И потому «с болью в сердце» она приняла все необходимые меры, чтобы не допустить похищения.
* * *
Людовик XI поправился. Тревога оказалась ложной. А раз так, Людовик Орлеанский, человек легкомысленный и сластолюбивый, тут же оставил политику и снова окунулся в беспутную жизнь. Именно к этому времени относится его связь с известной куртизанкой, красавицей Амазией, чья неверность доставляла ему много огорчений.
Стоило ему оставить ее хоть на мгновение, как она тут же оказывалась в объятиях какого-нибудь слуги, лакея, а то и случайного прохожего. Дошло до того, что юный герцог заперся с нею в собственном доме, без всякой свиты, и даже кухней занимался сам, лишь бы в один прекрасный день не застать Амазию на коленях у повара…
Однажды вечером с ним произошла история, о которой он потом не раз рассказывал со смехом. В тот момент, когда он поджаривал на огне голубей, в дверь постучали.
— Пойду посмотрю, кто это рвется к нам, — сказала плутовка. — Наверное, принесли абрикосовый торт. Вы только, ради бога, не пережарьте мясо. Продолжайте потихоньку вращать вертел…

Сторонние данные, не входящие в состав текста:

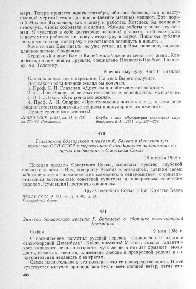 Заметка болгарского критика Г. Бакалова о сборнике стихотворений Джамбула. София. 9 мая 1938 г. // ЦГАЛИ СССР, ф. 631, оп. 11, д. 478, л. 109. Копия. Опубл. в кн.: «Литература славянских народов», вып. 6. М., 1964, стр. 260—261.

Людовик подождал минут пять. Потом, заподозрив что-то неладное, он оставил вертел с голубями и, неслышно ступая, направился к входной двери: то, что он увидел, заставило его побагроветь от злости. Лежа на сундуке, Амазия «с удовлетворением принимала щедрые знаки внимания, оказываемые средоточию ее чести».
В ответ на упреки Людовика она призналась, что, когда постучали, она нашла только один способ впустить галантного кавалера.
Как сообщает историк, Людовик простил ее, «потому что вся эта история была в высшей степени непристойной, а он просто обожал женщин подобного сорта».
Из-за этой же склонности он, поддавшись порыву, в день Рождества 1480 года щедро одаривал деньгами девиц, промышлявших на улицах Тура. Его от души позабавило, как чиновники с важным видом вручали золотые монеты всем этим особам, выражавших свою благодарность похабным жестом задранной вверх юбки.
* * *
В 1483 году Людовик XI умер. Новый король, Карл VIII, которому было всего тринадцать лет, не мог сам править страной. Поэтому Анна де Боже в свои двадцать два года стала регентшей.
И снова, в который раз, она с нежностью подумала о Людовике, потому что все еще было возможно. Она могла простить попытку похищения 1477 года, аннулировать свой брак с Пьером де Боже, равно как и брак, соединяющий Людовика и Жанну… Да, все еще было возможно. Стоило только Людовику улыбнуться.
Проявив впервые в своей жизни слабость, она осыпала Людовика подарками и благодеяниями; назначила губернатором Иль-де-Франса, подарила дорогое кольцо и серьги из чистого золота, послала двух борзых.
Напряженная, взволнованная, она бросала на него еще более пылкие взгляды, чем когда бы то ни было. Он же притворялся, что не замечает этого, и оставался бесстрастным.
И тогда она отступилась от него, отступилась окончательно и бесповоротно.
В первую очередь это было потерей для герцога, если верить Брантому, который писал: «Если бы Людовик Орлеанский хоть немного откликнулся на любовь м-м де Боже, он бы имел от этого немалую выгоду; она была очень влюблена в него, об этом мне сказал хорошо осведомленный человек».